# High Polylactide (PLA)



## María Madrid

Field and topic:
Sé que es un tipo de material elaborado a partir de fibras de maíz, que se usa para relleno de colchones, por ejemplo. Necesito el nombre en español y no viene en mi diccionario técnico. 

En la wikipedia he encontrardo "*Polylactic acid or Polylactide* (PLA) is a biodegradable, thermoplastic, aliphatic polyester derived from lactic acid" Así que supongo que podría decir ácido poliláctico, pero agradecería confirmación de una fuente más fiable que la wikipedia.
---------------------

Contexto: Descripción de los materiales de un colchón.

"Filling: 85 mm high polylactide (PLA) wadding"
"Relleno, Guata de xxxxxxx (PLA) de 85 mm"

Muchas gracias por vuestras sugerencias!! Saludos,


----------



## natasha2000

ácido poliáctico, según esta página, esta también... También explica que es de maíz...

Poly lacticide podría ser almidón (como lo dice en la segunda página que te envío)??

Tambíen te envío lo que obtuve googleando la palabra poliáctico...

Ojo, es poliáctico no poliláctico....

PD: La sigla es igual que en español: PLA


----------



## María Madrid

Gracias Natasha!!! Estos términos son una pesadilla para mí. 

No soy de ciencias, y quizá esté diciendo una barbaridad, pero si se dice ácido láctico ¿por qué se dice poliáctico y no poliláctico? Además, ¿como traduzco high?... Mil gracias de nuevo!!! Saludos,


----------



## natasha2000

Mira, primero, sin querer, lo he buscado en google como poliáctico y no poliláctico como lo has escrito tú, por el simple hecho de que no lo leí bien, y lo hice muy de prisa... Pero ha salido bien....

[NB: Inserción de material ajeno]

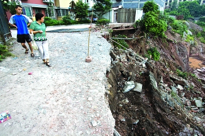 昨日,沙坪壩區石小路64號附1號,小區后方的邊坡及圍墻已經坍塌,居民小心地從旁邊走過 記者 梁杰 攝

Tampoco soy de ciencias, pero sé que a veces, es así. Igual que tú ahora, rompía la cabeza cuando me encontré con palabras como hipoplastia e hiperplastia. En inglés es hypoplasia &hyperplasia..... Pero en español, le metieron una T, y no tengo ni idea por qué....

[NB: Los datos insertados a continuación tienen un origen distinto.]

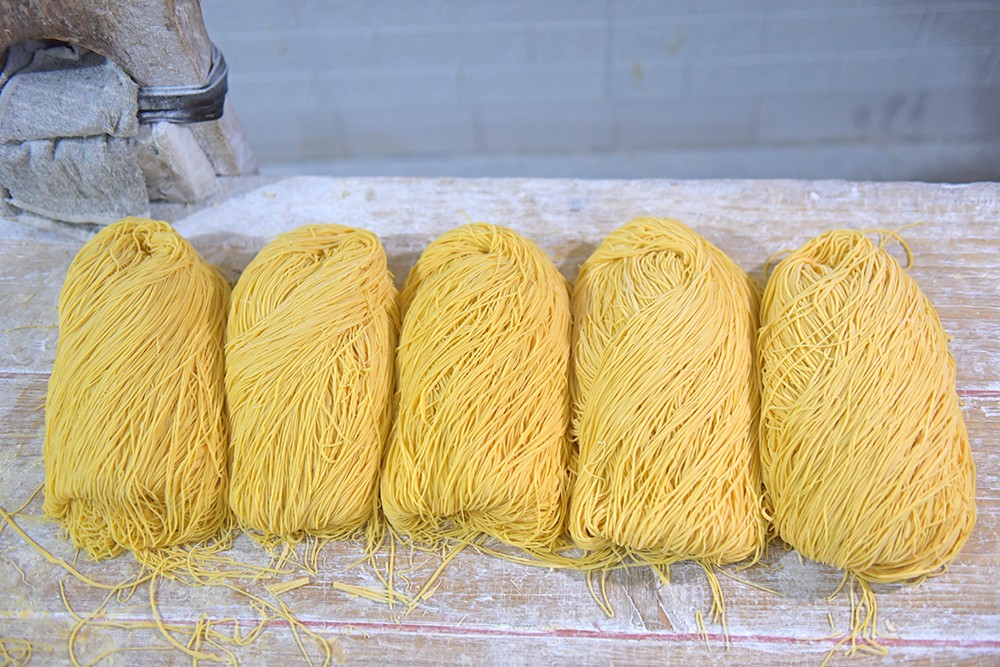 图为手工切好的杠子面

Lo de high... No lo sé... Voy a investigar un poco y si encuentro algo, te lo digo.
Saludos,
N.


----------



## María Madrid

¿Alguien de ciencias que sepa de qué va esto, porfa? Gracias! Saludos,


----------



## natasha2000

María Madrid said:
			
		

> ¿Alguien de ciencias que sepa de qué va esto, porfa? Gracias! Saludos,


 
María, no será esto que el colchón tiene 85cm de altura? Quiero decir, que high va junto con 85cm y se refiere a wadding y no a polylactic acid?

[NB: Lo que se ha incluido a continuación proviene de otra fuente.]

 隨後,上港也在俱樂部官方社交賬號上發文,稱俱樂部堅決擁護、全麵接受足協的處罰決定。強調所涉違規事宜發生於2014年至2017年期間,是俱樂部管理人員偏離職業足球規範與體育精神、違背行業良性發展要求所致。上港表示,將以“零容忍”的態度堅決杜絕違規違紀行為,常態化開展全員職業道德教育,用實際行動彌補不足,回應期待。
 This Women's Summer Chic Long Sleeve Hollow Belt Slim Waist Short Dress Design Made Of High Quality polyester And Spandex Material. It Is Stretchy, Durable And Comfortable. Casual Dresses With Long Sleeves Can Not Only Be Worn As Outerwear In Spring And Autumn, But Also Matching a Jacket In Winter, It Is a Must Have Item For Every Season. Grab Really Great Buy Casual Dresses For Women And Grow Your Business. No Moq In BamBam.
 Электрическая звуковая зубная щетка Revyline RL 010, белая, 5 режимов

5 inches long plastic accessory... (por ejemplo!)

o sea 

Filling: 85cm high polylactic acid wadding
Relleno: Guata de acido poliáctico, de 85cm de altura


----------



## rholt

Eso es. 

(Estos son characteres extras para que el robot no chilla. )


----------



## María Madrid

Natasha, puede ser que se refiera a los 85 mm de altura de esa capa. En cuanto veo nombres de componentes raritos me pongo de los nervios! Gracias por intentarlo!!

Rholt: no sé qué dices. ¿Era una respuesta a mi pregunta? Saludos,


----------



## natasha2000

Creo que es así. Porque he introducido eh google high polylactic acid y no hay resultado donde high y polylactic acid salen juntos....

clic

Si existiera algo como "high polylactic acid" seguro que tendría por lo menos un resultado... Pero no hay.. Siempre es High value, high strength, high heat resistance... etc...

Saludos,
N.

Es que, se dice normalmente:

We crossed 2m high stone bridge...

Donde high se refiere a la altura 2m del puente y no a stone....


----------



## María Madrid

Gracias por tus esfuerzos, Natasha!!! He encontrado que el término es polilactida, y aquí viene el decreto de aprobación de ese material como fibra textil y tienen la amabilidad de explicar algo de sus características. 

http://www.msc.es/gabinetePrensa/notaPrensa/desarrolloNotaPrensa.jsp?id=215

Efectivamente high se refiere al grosor de la capa de guata, pero como sé que hay ácidos grasos alto oleico y cosas así, totalmente incomprensibles para mí, al verlo junto a un término de los que me horrorizan, no quise descartar que el adjetivo fuera parte del nombre. ¡Mil gracias de nuevo! Saludos,


----------



## natasha2000

De nada, María...

Me alegro que hayas resuelto el problemilla..

Hasta otra, guapa!


----------